So I'm studying systems engineering and we're currently going over different programming paradigms. We started playing with functional programming last class and we were asked to code a recursive 'minumum' function in Lisp. This is what I delivered:
(DEFUN minimum (l)
(cond
((null l) nil)
((null (REST l)) (FIRST l))
((< (FIRST l) (minimum (REST l)) (FIRST l)))
(t (minimum (REST l)))
)
)
Out of all the things wrong with this, the one thing the professor corrected was the base case ((null l) nil) because "an empty list is not in the domain of the function", but that explanation wasn't enough for me since every other similar function we went through included this base case.
Should the empty list be part of the domain of the function?
One way to look at it is to try to see what the mathematical definition would be. And if you look around (e.g. Wikipedia), you will see that we usually do not define a minimum function. The definition goes like: if x belongs to S and x is not greater than any other element, then it is a minimum of S. That allows zero, one or more elements to be minimal in a set, and if you talk for example about min(S), this is always assuming that such a value exists. Sometimes you see actual functions, like min(a, b), where you take the least of two values a and b. So there is no obvious way to define how in general a minimum function over sets should be defined mathematically. We can assume for example that it would be undefined for an empty set, as your professor said. But just because that would be true in mathematics doesn't mean it is the same for the programming function minimum.
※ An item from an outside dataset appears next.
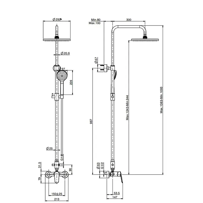 Fima Carlo Frattini Colonne doccia Душевая стойка, верхний душ 25см., со смесителем, с держателем и ручным душем, цвет: чёрный матовый
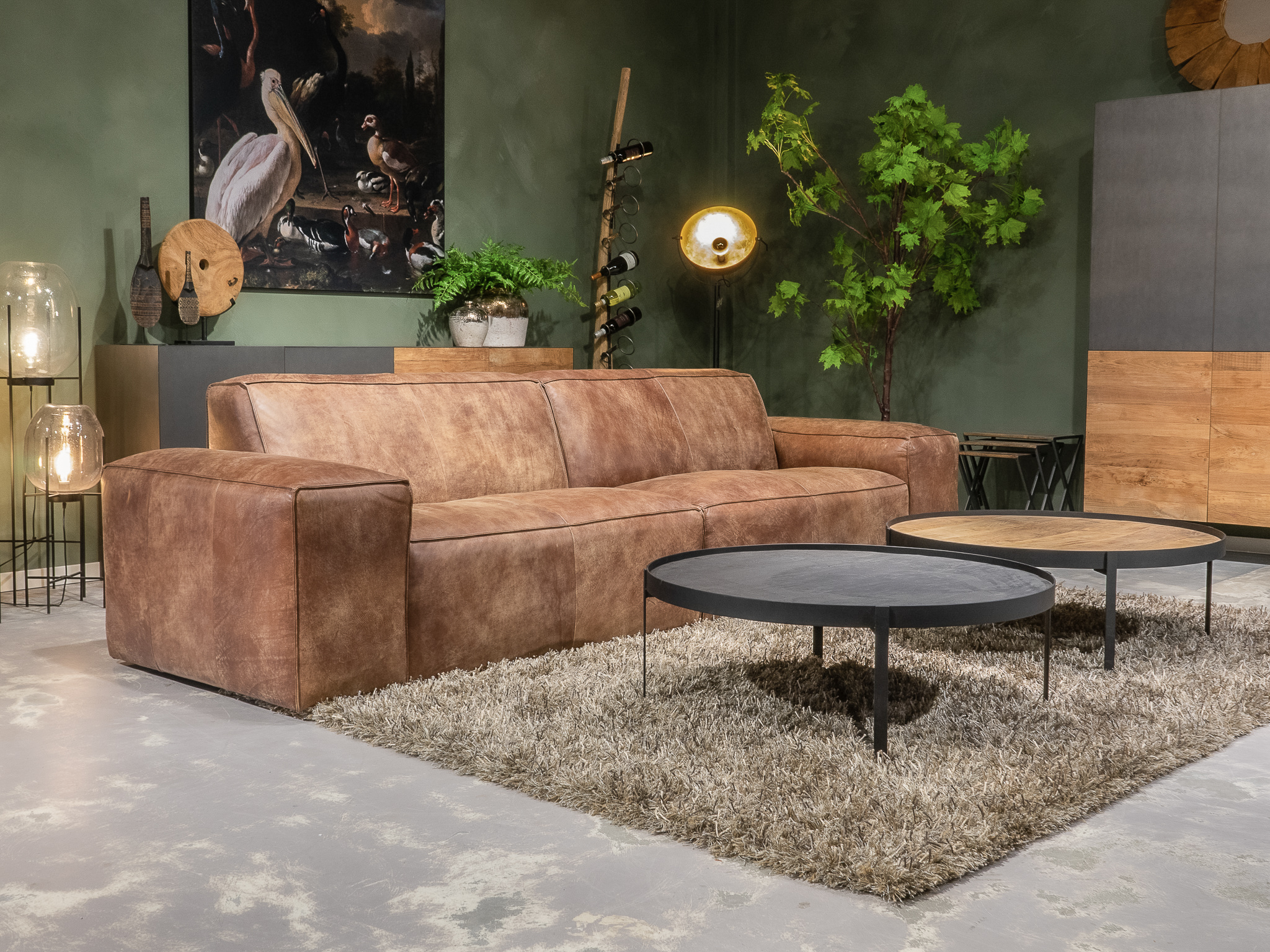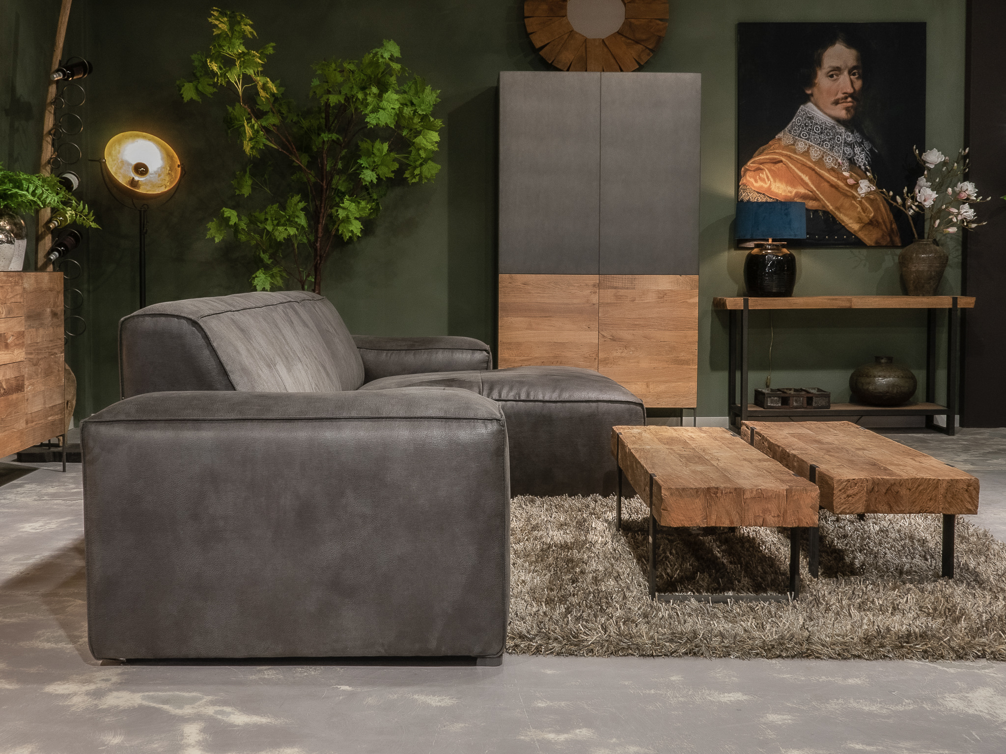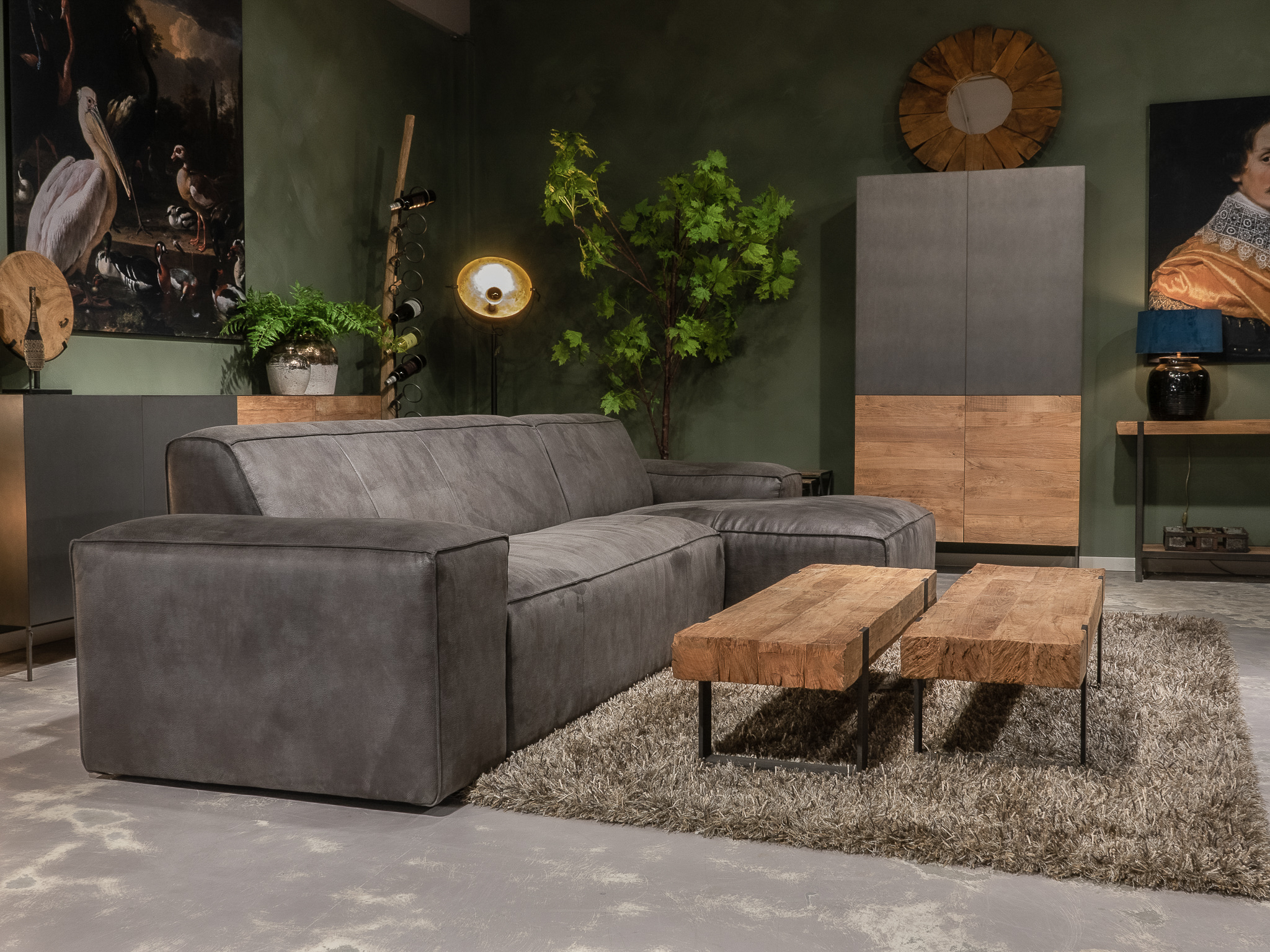 Deze bank staat in Sliedrecht als 5 zitter in de Africa leer - tabac en als 3 zitter in relax stof - graphite. Gramsbergen staat deze als 3 zitter in bull eco leder - camel.

A lot of functions defined in programming languages must be total, ie. accept all values of a type, because you cannot guarantee that you will never call them with a value outside of their domain (static typing systems can bring the implementation domain closer to the specification domain, but they have their limitations too). For example:
(defun minimum (list)
(check-type list cons)
;; etc.
)
The above functions is able to accept any kind of value, and throws an error if that value is not a cons, i.e. a non-empty list. Your intuition to cover the case where the list is empty is right in my opinion, because even if it is not meaningful to call minimum on an empty list, you don't know that it will never happen, and it's better to give a useful return value or proper error in that case. There are other invalid cases, like the list containing values that are not in the domain of <: here too you could add a check in your code, or let the < function report the error itself (this should be enough in that case).
Failing to detect an invalid case will eventually raise an error in a way that is not necessarily easy to decipher (worse, you could even proceed with invalid data without ever reporting an error). You could say that it's not your fault but the one of the function caller, who should know better. But it's not very nice. Certainly at some point the risk of people doing really really wrong things with the code drops and it doesn't pay to cover all possible mistakes from a risk analysis point of view, but ideally there is some level of robustness that is nice to have.
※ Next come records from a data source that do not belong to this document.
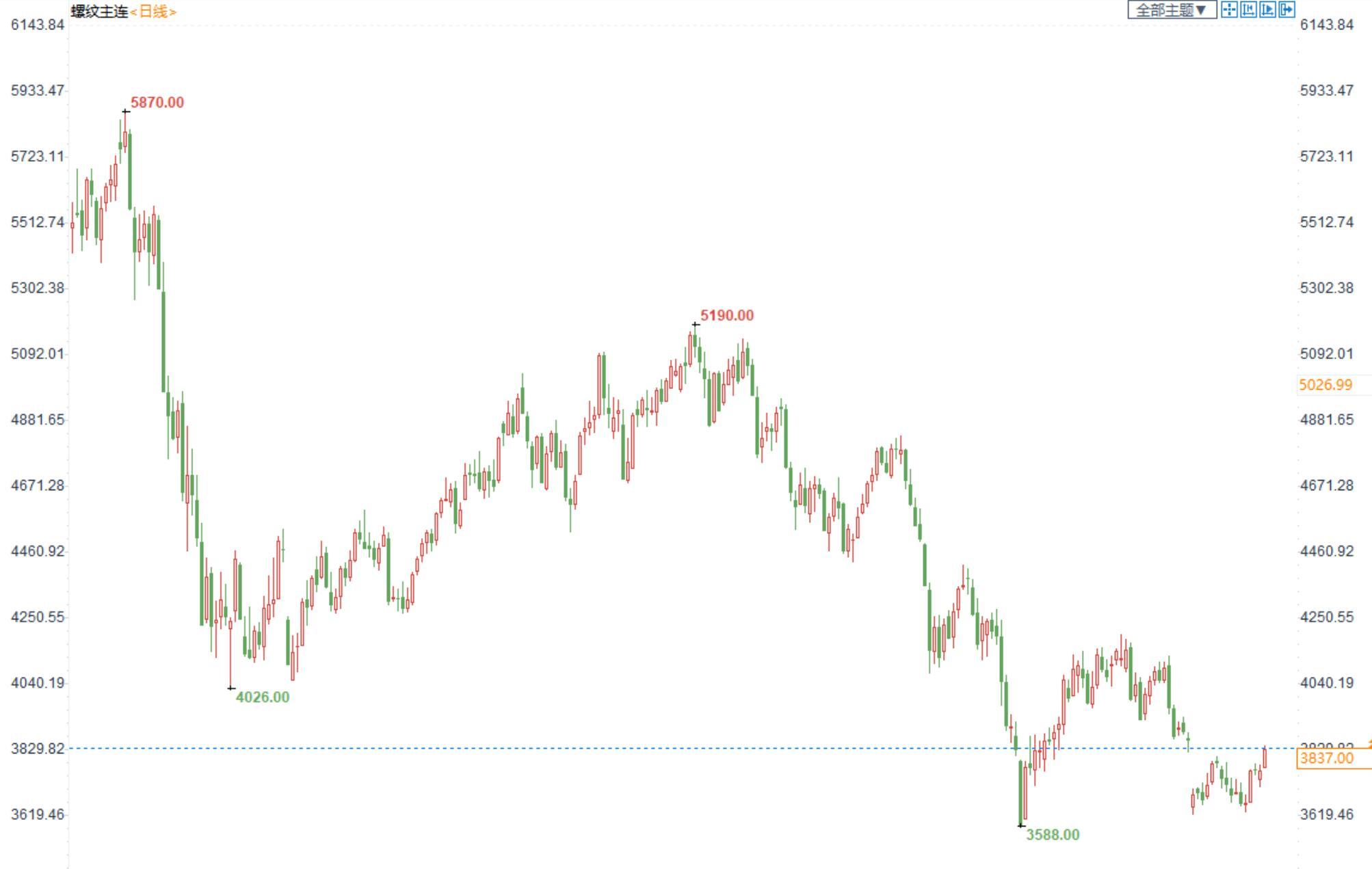 价格:螺纹钢2301合约今日强势上行,创近一个月的高位3845,收盘于3837元/吨,收涨2.29%。上海中天现货价为4030元/吨,较昨日上涨50元/吨。
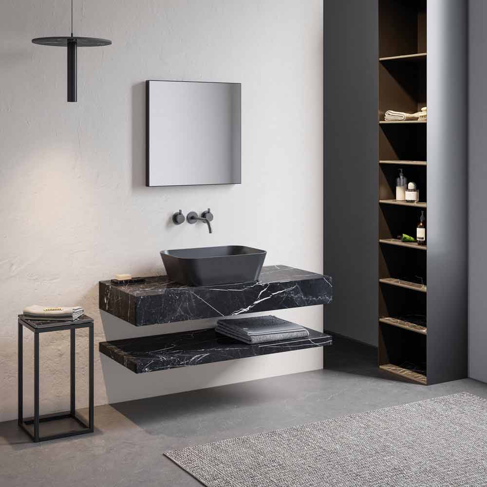 Dostupné povrchové úpravy:- kalacatta s bílým umyvadlem
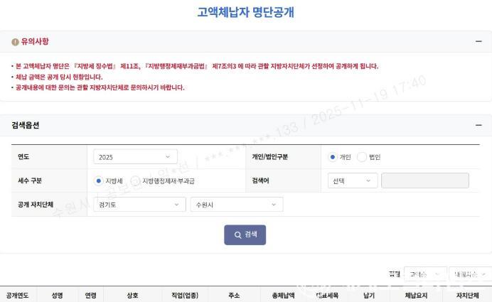 고액·상습체납자 명단은 수원시 홈페이지'분야별정보'세금'정보마당'‘고액 상습체납자 공개’ 게시판에서 확인할 수 있다.

In Common Lisp, returning nil in the above case is often considered the sensible thing to do, because numbers are distinct from symbols, and so nil is not going to be a problem. You will find some common idioms like this one, too:
(or (minimum list) default-value)
Since or returns the first non-nil value among its subterms (and evaluates them in sequence), you can cover the case where the list is empty in an elegant way.
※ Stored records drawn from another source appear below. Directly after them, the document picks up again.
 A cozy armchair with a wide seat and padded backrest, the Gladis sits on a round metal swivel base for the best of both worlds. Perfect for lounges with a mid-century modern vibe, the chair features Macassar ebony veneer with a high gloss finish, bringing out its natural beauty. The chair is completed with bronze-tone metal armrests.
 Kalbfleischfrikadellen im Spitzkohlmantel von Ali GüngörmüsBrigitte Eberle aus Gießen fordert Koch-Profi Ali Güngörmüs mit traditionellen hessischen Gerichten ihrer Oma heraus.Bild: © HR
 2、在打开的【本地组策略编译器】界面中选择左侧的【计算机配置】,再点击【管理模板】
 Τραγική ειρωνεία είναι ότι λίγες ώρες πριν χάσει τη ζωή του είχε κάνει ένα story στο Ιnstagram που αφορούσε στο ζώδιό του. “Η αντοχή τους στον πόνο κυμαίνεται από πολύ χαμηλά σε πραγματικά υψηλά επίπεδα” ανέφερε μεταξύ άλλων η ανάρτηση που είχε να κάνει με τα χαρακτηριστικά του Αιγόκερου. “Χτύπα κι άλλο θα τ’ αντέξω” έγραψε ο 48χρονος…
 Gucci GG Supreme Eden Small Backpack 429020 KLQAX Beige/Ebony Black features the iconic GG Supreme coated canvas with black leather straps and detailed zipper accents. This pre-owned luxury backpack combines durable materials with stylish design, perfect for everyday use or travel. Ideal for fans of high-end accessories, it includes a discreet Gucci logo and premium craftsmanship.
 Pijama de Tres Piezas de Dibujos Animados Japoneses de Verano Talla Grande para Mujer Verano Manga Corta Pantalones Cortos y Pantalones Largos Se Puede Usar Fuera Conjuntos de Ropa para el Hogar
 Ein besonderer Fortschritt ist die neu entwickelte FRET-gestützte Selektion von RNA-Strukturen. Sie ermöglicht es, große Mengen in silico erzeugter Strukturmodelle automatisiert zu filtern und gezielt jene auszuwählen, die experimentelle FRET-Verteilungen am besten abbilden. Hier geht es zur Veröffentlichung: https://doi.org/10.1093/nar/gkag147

If however minimum in your language is defined to be the element that minimizes a cost function, then nil might be such an element (e.g. minimizing the length of symbol names in (nil defun defmacro) would be nil with a length of 3). There are such functions in Common Lisp too, and in that case it is better to error, or return a secondary value.
All this to say that in practice, you are going to care about users of your programming interface, not just the mathematical definition of a function, and you may have to properly handle cases that "should never happen".